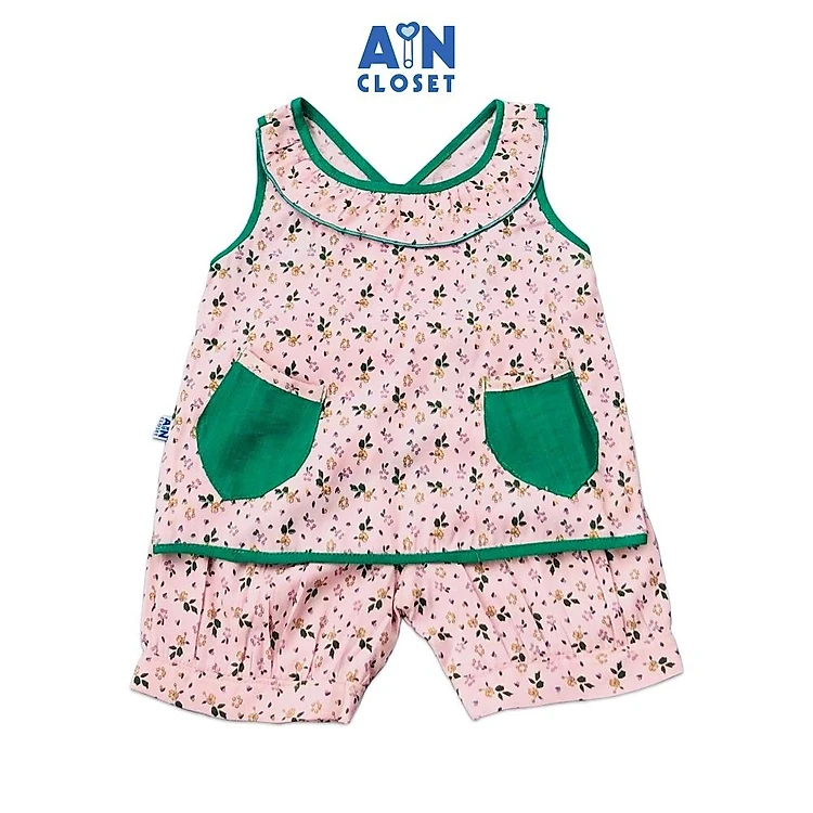 Bộ quần áo ngắn bé gái họa tiết Hoa nhí hồng túi xanh - AICDBG2SFD4Z - AIN Closet
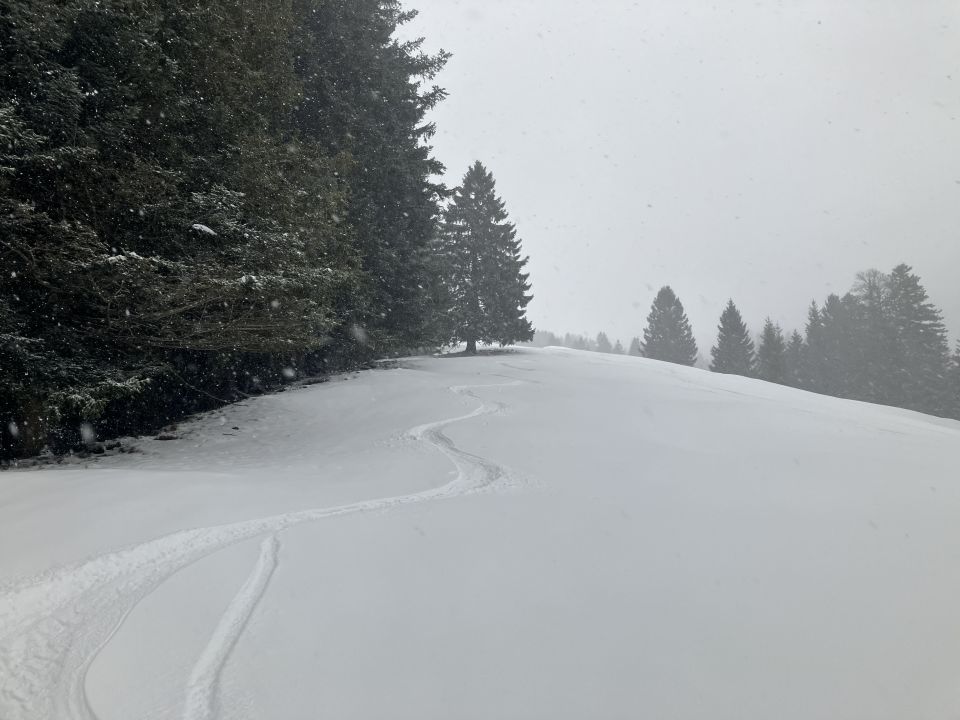 Schnee ab Talstation Gersau Gschwend. Im unteren Bereich etwas knapp, ab dem ersten Drittel gut Schnee mit Unterlage. Unterlage ist etwas harschig mit 5-10cm Neuschnee oben drauf.
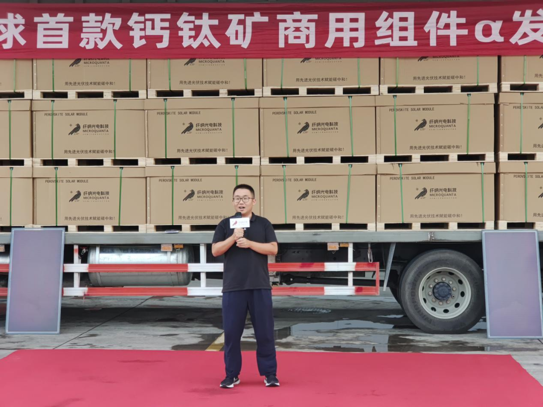 7月28日下午,全球鈣鈦礦光伏產業化領軍企業纖納光電在浙江衢州舉行了首批α組件的發貨儀式,此次發貨數量為5000片,用于省內工商業分布式鈣鈦礦電站。纖納光電聯合創始人兼CEO姚冀眾、聯合創始人兼CTO顏步一與基地全體員工共同見證了這一在鈣鈦礦發展史中具有開拓性意義的歷史時刻。
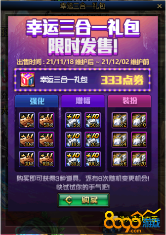 开启后,可以获得1个[幸运]+11装备强化券神秘礼盒、1个[幸运]+10装增帽券神秘礼盒、1个[幸运]次元玄晶碎片神秘礼盒和6个[幸运]道具随机变更券。
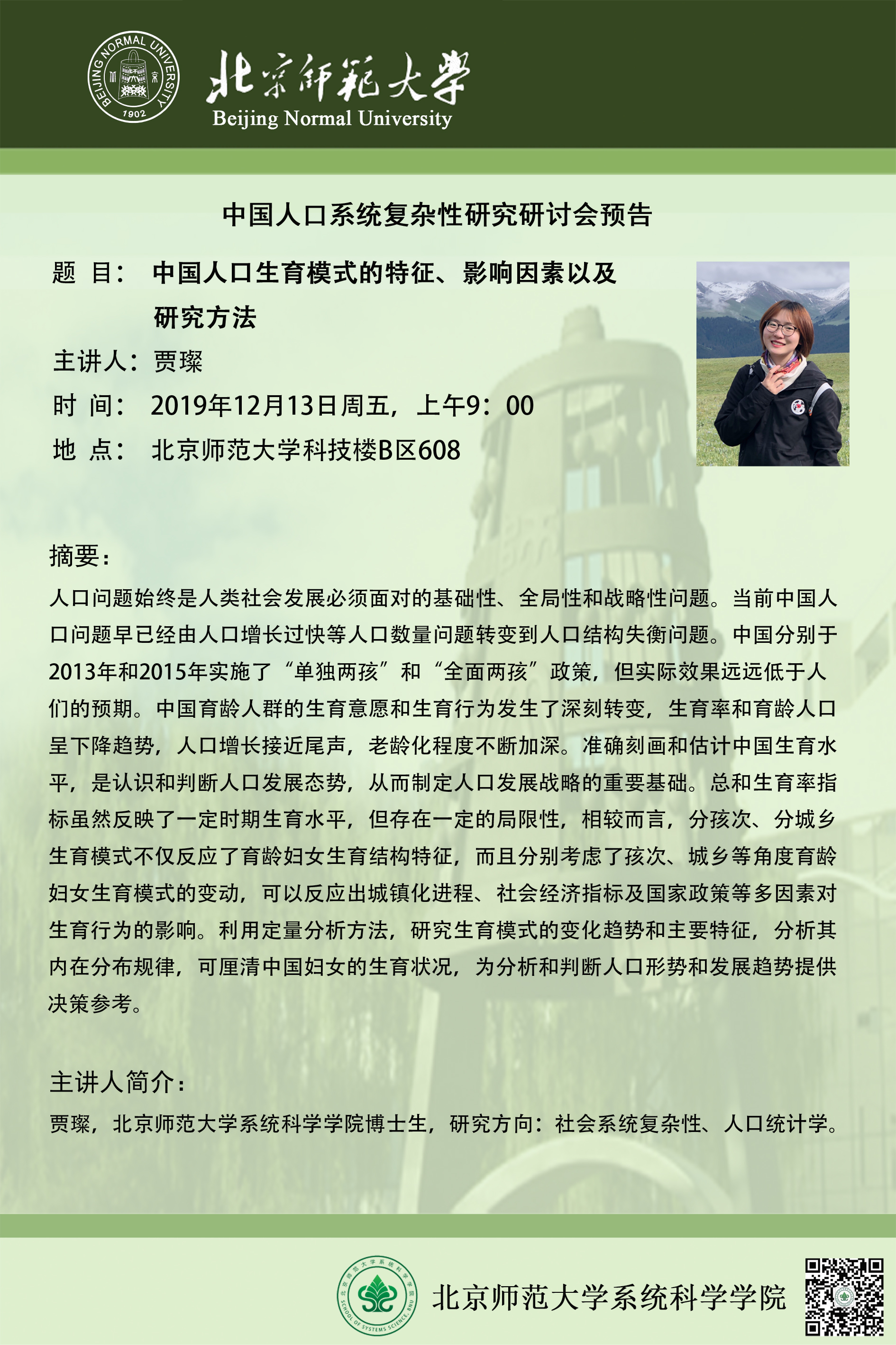 【研讨会】 中国人口生育模式的特征、影响因素以及研究方法
────────
Task prompt: Output verbatim the lines beginning at the line with "开启后,可以获得1个[幸运]" and ending at the last line of the material above, inclusive. Do not carry over any pictures.

Solved exercise:
 开启后,可以获得1个[幸运]+11装备强化券神秘礼盒、1个[幸运]+10装增帽券神秘礼盒、1个[幸运]次元玄晶碎片神秘礼盒和6个[幸运]道具随机变更券。
 【研讨会】 中国人口生育模式的特征、影响因素以及研究方法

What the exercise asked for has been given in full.